Wu’s goal for GNC is to evolve into a platform that hosts integration and innovation for various industries by leveraging the latest developments in materials, electronics, advanced manufacturing methods, artificial intelligence and cloud computing, and to be a leading transformer of the transportation industry and thereby a catalyst for broader green and intelligent social transformation.

It’s a grand vision, to be sure, but consistent with the direction that China’s regulators say they are keen to travel. And large-scale data monetization with carbon credits will be required along the way.

On April 15, Caixin Economic Daily reported that “China’s central bank has stressed the need to establish orderly and effective connections between green finance and transition finance. In a video conference this month, the People’s Bank of China (PBoC) called for deepening research on transition finance to support the country’s green and low-carbon development.”

“Transition finance helps traditional high-carbon companies transition toward low-carbon or net zero emissions. Currently, energy-intensive industries — such as chemicals, steel and cement — find it tough to tap green finance markets, because of the difficulty in defining their emissions-cutting activities as ‘green.’

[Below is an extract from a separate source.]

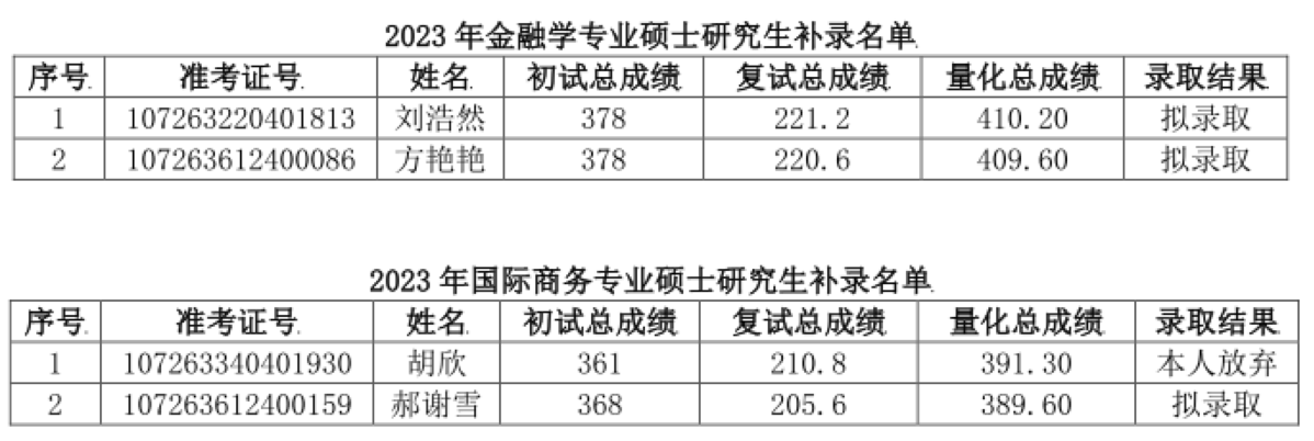 因招生计划调整,经司机社 研究生招生复试领导小组研究决定并报研究生院审核,按照量化总成绩补录金融学专业硕士研究生2名和国际商务专业硕士研究生1名。公示期10个工作日。如有异议,请于7日内以书面形式报司机社教务办,逾期不予受理。拟录取考生的报考资格审查不合格或思想政治素质及道德品质考核不合格或体检不合格,将按规定取消录取资格。录取名单经教育部及陕西省教育考试院录取审查通过后,方可正式录取。

“Transition finance can complement green finance, by encouraging financial institutions to provide services such as issuing sustainability-linked bonds and loans to high-carbon industries. This can be seen as vital to reaching China’s carbon goals, with high-carbon industries still playing a major role in the economy,” the Caixin report said.

The PBoC’s emphasis on transition financing takes a cue from Ma’s China Society for Finance and Banking’s December 2021 report.

The society’s Green Finance Committee wrote at the time: “In the process of achieving carbon neutrality, many high-carbon companies need to transform themselves into low-carbon or zero-carbon businesses. If the company in transition is currently in a high-carbon industry and cannot obtain financing, then the transition will be very difficult. This is difficult to implement, and the failure of a large-scale transformation would lead to financial and social risks.”

Hydrogen holds the key to shedding China’s reliance on carbon fuel. Photo: Handout

The report proposed to create a “transformation certification and information disclosure system,” including “the use of funds, the implementation of the transformation path, the realization of the transformation goals, and the resulting environmental benefits.”

It also proposed the creation of new financial products, transformation credits and loan guarantees, debt-to-equity swaps, as well as mergers and acquisition funds to meet the requirements of transformation finance.

Some Chinese cities have already offered subsidies for carbon-neutral vehicles. According to Caixin, “The Beijing Municipal Bureau of Economy and Information Technology adopted a new policy to subsidize fuel cell vehicles (FCV) in 2022. Beijing will incentivize the promotion and operation of FCVs, construction and operation of hydrogen refueling station, and key component innovation efforts.”

The Green Finance Committee’s report, meanwhile, argued that green and low-carbon investments “will help boost aggregate demand and thus stimulate the economy.” It said, “a rational climate policy can effectively allocate resources and direct investment to high-productivity sectors, thereby increasing growth potential.”